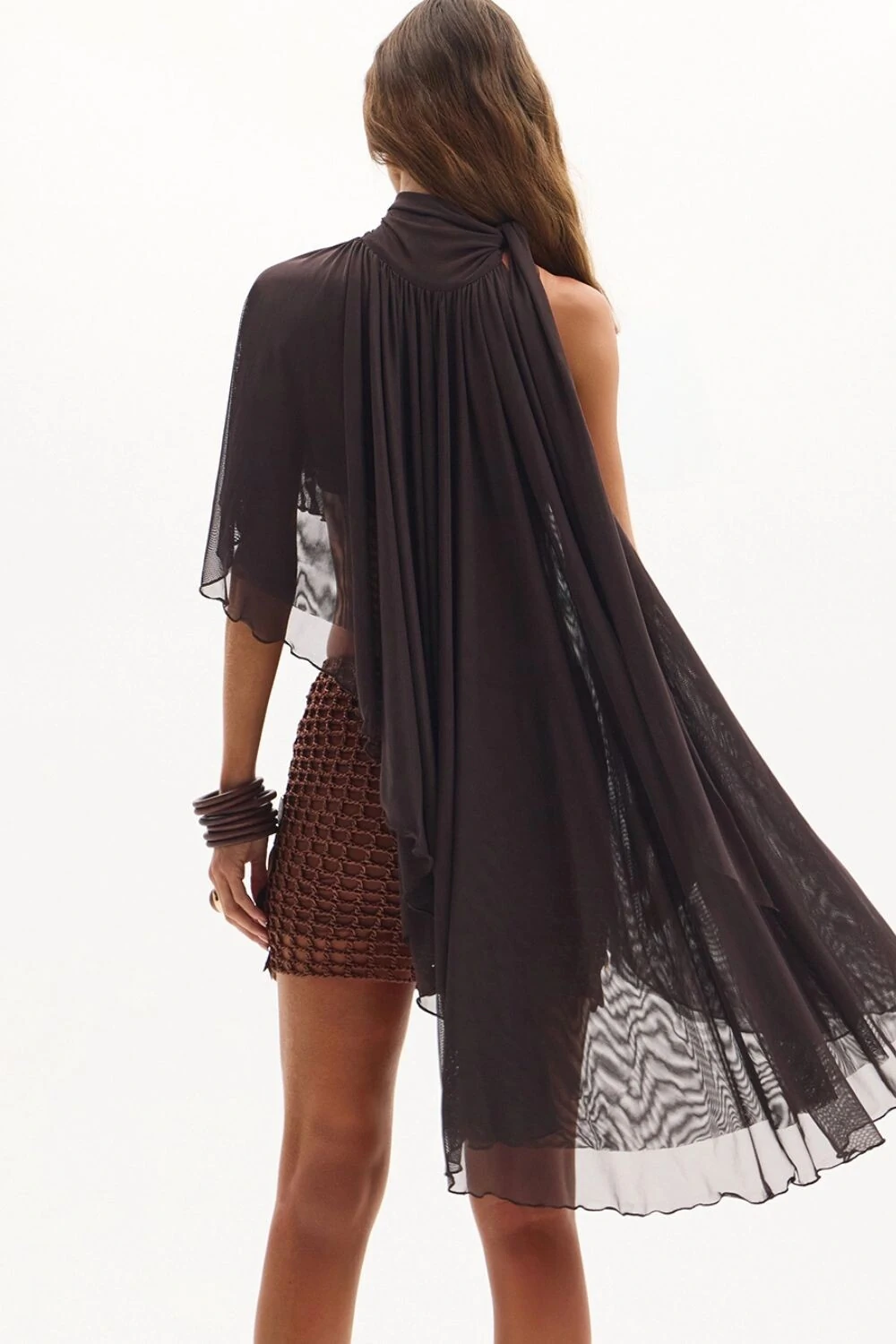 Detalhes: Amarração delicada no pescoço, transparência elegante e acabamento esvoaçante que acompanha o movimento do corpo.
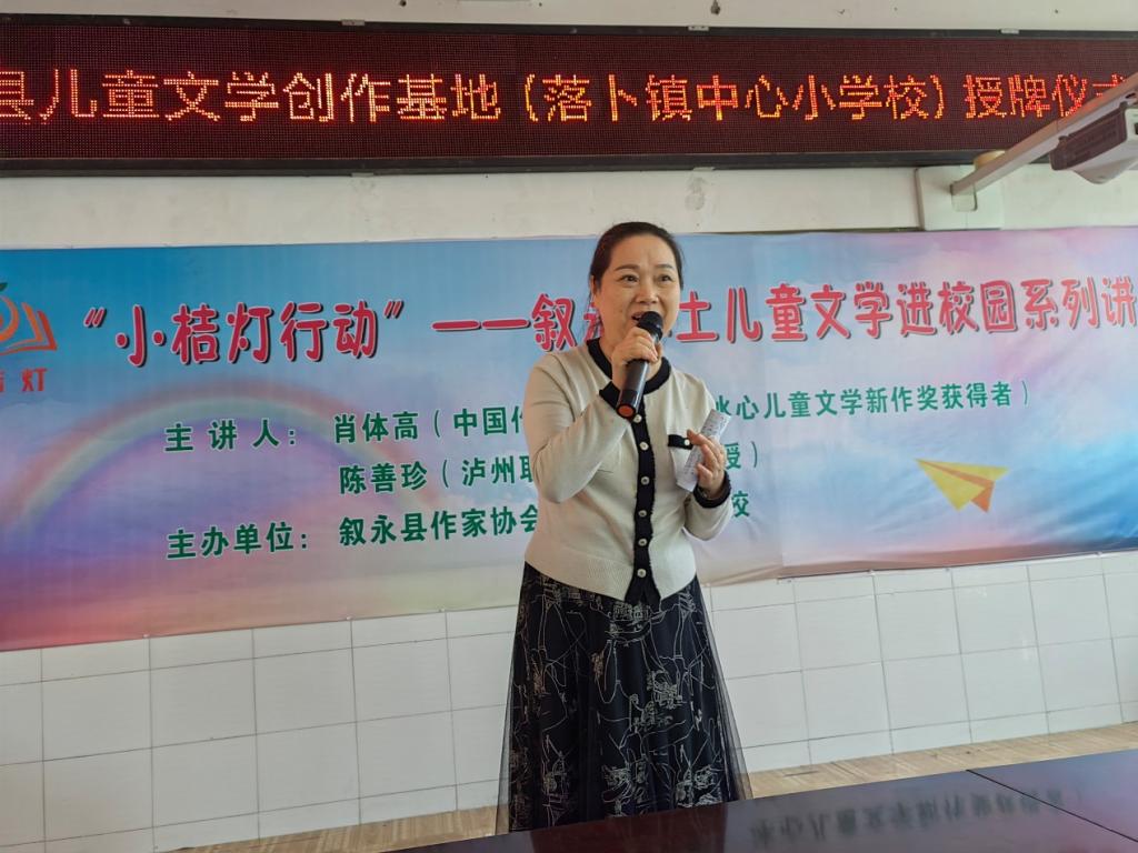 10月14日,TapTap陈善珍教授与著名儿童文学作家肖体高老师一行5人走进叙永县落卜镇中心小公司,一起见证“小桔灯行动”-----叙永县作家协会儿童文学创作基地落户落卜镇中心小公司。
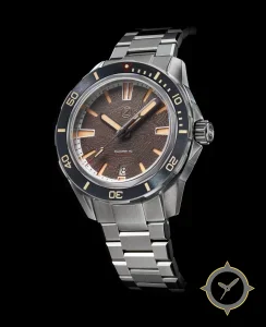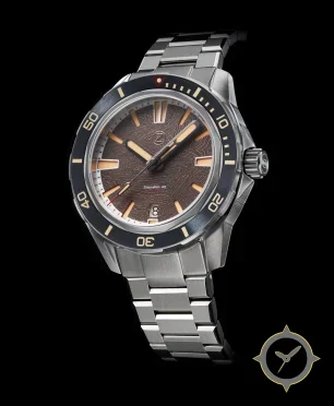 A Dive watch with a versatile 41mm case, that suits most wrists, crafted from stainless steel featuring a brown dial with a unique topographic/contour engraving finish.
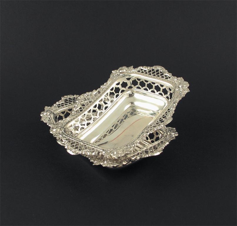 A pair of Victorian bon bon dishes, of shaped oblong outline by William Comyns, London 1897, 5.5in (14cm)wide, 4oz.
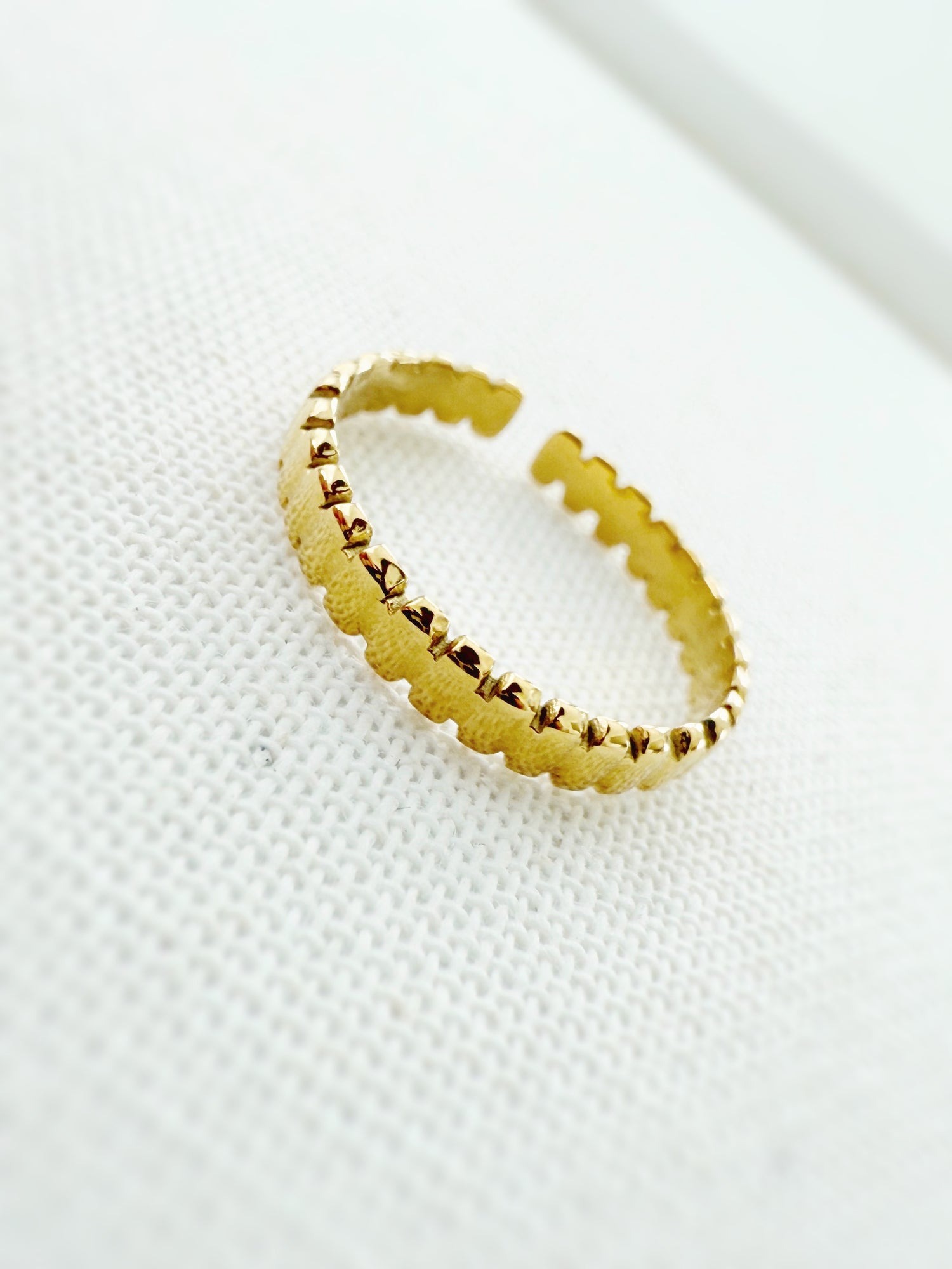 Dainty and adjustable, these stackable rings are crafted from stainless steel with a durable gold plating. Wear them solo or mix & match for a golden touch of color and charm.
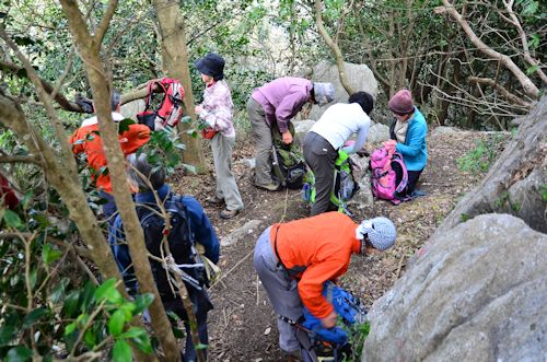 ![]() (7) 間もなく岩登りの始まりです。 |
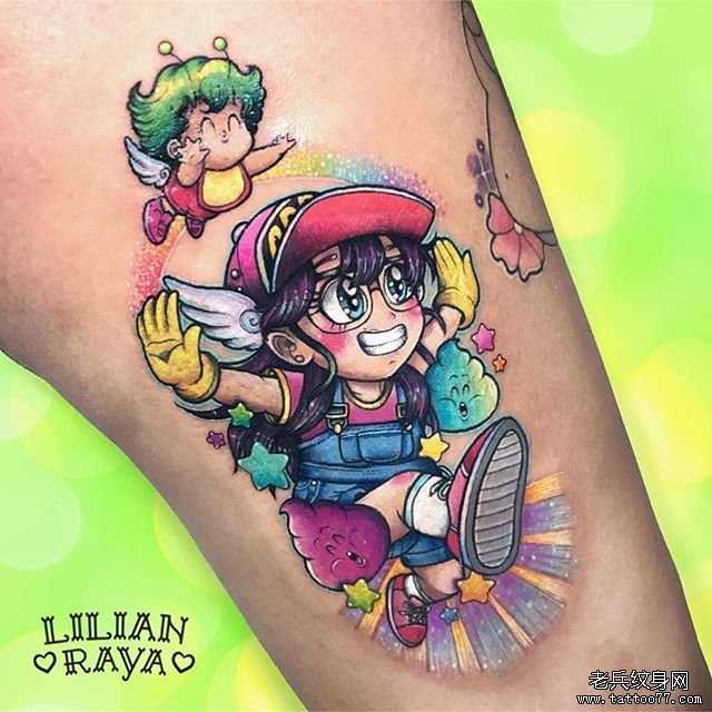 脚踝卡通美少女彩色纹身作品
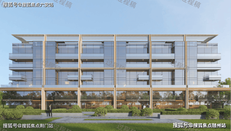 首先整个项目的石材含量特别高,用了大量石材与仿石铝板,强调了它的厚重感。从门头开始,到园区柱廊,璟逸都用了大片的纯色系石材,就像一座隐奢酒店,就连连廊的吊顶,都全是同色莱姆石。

- [What the task asks]:
Copy every record exactly; no pictures.

- [Result of this task]:
 Detalhes: Amarração delicada no pescoço, transparência elegante e acabamento esvoaçante que acompanha o movimento do corpo.
 10月14日,TapTap陈善珍教授与著名儿童文学作家肖体高老师一行5人走进叙永县落卜镇中心小公司,一起见证“小桔灯行动”-----叙永县作家协会儿童文学创作基地落户落卜镇中心小公司。
 A Dive watch with a versatile 41mm case, that suits most wrists, crafted from stainless steel featuring a brown dial with a unique topographic/contour engraving finish.
 A pair of Victorian bon bon dishes, of shaped oblong outline by William Comyns, London 1897, 5.5in (14cm)wide, 4oz.
 Dainty and adjustable, these stackable rings are crafted from stainless steel with a durable gold plating. Wear them solo or mix & match for a golden touch of color and charm.
 ![]() (7) 間もなく岩登りの始まりです。 |
 脚踝卡通美少女彩色纹身作品
 首先整个项目的石材含量特别高,用了大量石材与仿石铝板,强调了它的厚重感。从门头开始,到园区柱廊,璟逸都用了大片的纯色系石材,就像一座隐奢酒店,就连连廊的吊顶,都全是同色莱姆石。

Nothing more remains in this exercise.